MoO synthesized by the present invention2Nano particle diameter is in 10~50nm, when being used as lithium ion battery negative material, tool There is the advantages that good cycling stability, long service life, specific capacity is big.It is recycled 500 times under the current density of 100mA/g, is held Amount is up to 650mAh/g.
Detailed description of the invention
Fig. 1 is MoO prepared by the embodiment of the present invention 12XRD spectrum.
Fig. 2 is Nanoparticulate MoO prepared by the embodiment of the present invention 12SEM photograph under 50k amplification factor.
Specific embodiment
The present invention is described in further details with reference to the accompanying drawing.

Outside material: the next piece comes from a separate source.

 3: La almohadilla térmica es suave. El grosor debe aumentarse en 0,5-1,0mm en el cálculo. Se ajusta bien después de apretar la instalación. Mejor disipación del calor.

1) C of 0.5~1M is prepared6H12O6·H2O distilled water solution, the Na of 0.5~1M2MoO4·2H2O distilled water solution with And the nonylphenol polyoxyethylene ether distilled water solution of 0.01~0.03M.

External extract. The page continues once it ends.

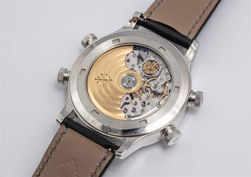 5520P 的其他復雜功能包括兩個 12 小時制時區和一個日期表盤。盡管表盤的整體呈現優雅且盡可能簡單,但引擎蓋下還有很多事情要做,我同意百達翡麗的觀點,即 5520P 鬧鈴走時是一個合法的大復雜功能。它恰好是您可以每天佩戴的一種。通過底蓋可以看到自動機芯,百達翡麗在設計和裝飾上都非常漂亮。整個機芯由 574 個零件組成,工作頻率為 4 赫茲,具有 52 小時的動力儲存,并包括典型的高性能專有百達翡麗組件。廣告訊息廣告信息結束

2) by above-mentioned solution C by volume6H12O6·H2O:Na2MoO4·2H2O=(1~4): 1 ratio mixing, 25 10~15min is stirred at~30 DEG C.Then the nonylphenol polyoxyethylene ether that volume ratio is 1%~5% is added into acquired solution Distilled water solution stirs 10~15min at 25~30 DEG C.
3) pH=1~4 of above-mentioned mixed solution are adjusted with the HCl solution that concentration is 2~3M.
4) uniformly mixed solution is poured into polytetrafluoroethyllining lining high-pressure hydrothermal reaction kettle, volume packing ratio is kept to exist 40%~70%.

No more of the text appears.